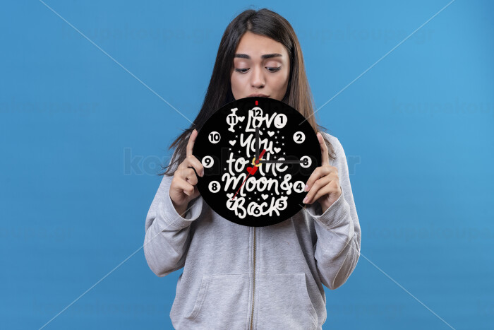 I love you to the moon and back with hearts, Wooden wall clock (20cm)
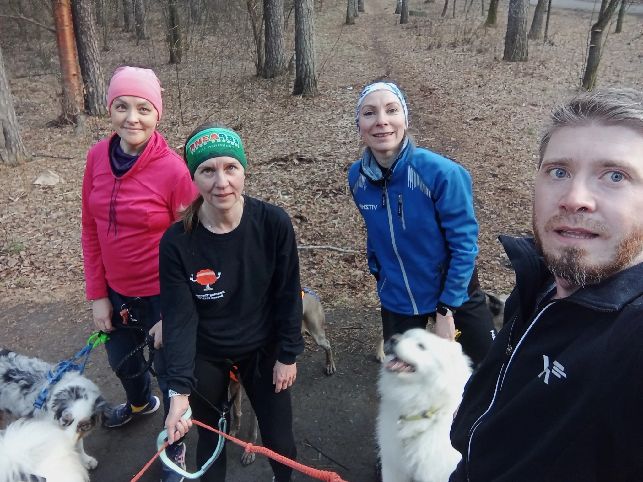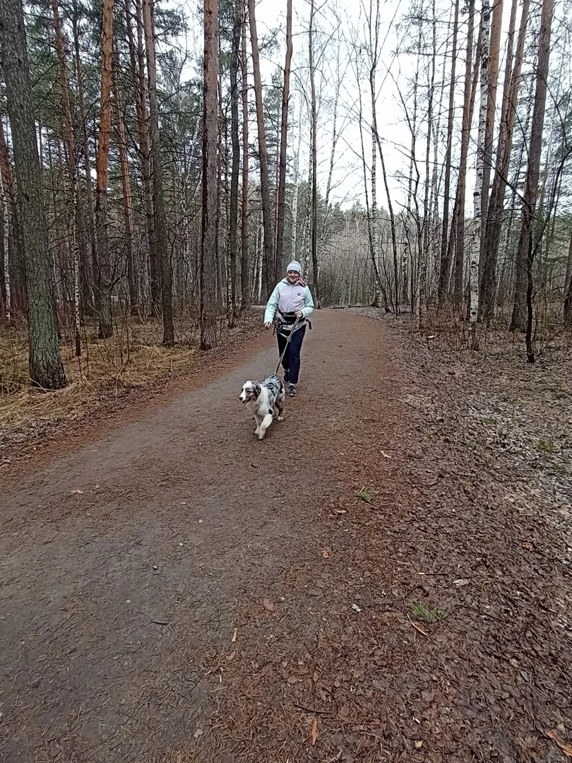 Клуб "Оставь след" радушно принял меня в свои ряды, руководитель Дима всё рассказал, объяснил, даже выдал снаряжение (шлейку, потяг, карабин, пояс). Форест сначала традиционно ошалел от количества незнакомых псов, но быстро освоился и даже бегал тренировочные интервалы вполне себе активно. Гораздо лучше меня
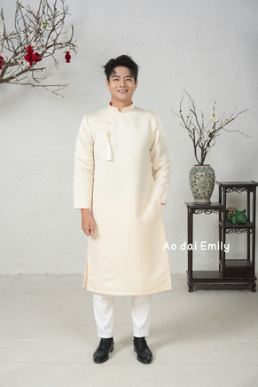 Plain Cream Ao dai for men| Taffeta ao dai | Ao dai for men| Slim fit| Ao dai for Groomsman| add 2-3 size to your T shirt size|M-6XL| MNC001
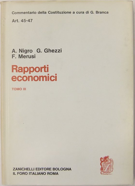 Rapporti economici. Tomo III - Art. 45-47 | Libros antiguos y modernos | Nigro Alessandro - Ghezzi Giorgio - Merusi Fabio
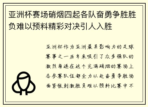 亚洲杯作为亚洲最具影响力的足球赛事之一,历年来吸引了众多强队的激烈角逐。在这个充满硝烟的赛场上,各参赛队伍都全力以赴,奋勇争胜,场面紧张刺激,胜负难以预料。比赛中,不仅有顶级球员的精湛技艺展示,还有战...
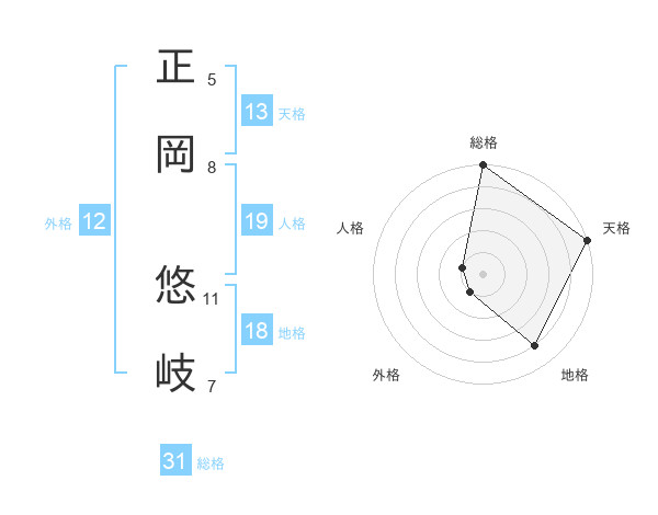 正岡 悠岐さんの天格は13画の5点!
-*-*-
PROBLEM DESCRIPTION: Your reply must match the data above line for line, except that it holds no pictures.

OUTPUT OF THE TASK:
 I love you to the moon and back with hearts, Wooden wall clock (20cm)
 Клуб "Оставь след" радушно принял меня в свои ряды, руководитель Дима всё рассказал, объяснил, даже выдал снаряжение (шлейку, потяг, карабин, пояс). Форест сначала традиционно ошалел от количества незнакомых псов, но быстро освоился и даже бегал тренировочные интервалы вполне себе активно. Гораздо лучше меня
 Plain Cream Ao dai for men| Taffeta ao dai | Ao dai for men| Slim fit| Ao dai for Groomsman| add 2-3 size to your T shirt size|M-6XL| MNC001
 Rapporti economici. Tomo III - Art. 45-47 | Libros antiguos y modernos | Nigro Alessandro - Ghezzi Giorgio - Merusi Fabio
 亚洲杯作为亚洲最具影响力的足球赛事之一,历年来吸引了众多强队的激烈角逐。在这个充满硝烟的赛场上,各参赛队伍都全力以赴,奋勇争胜,场面紧张刺激,胜负难以预料。比赛中,不仅有顶级球员的精湛技艺展示,还有战...
 正岡 悠岐さんの天格は13画の5点!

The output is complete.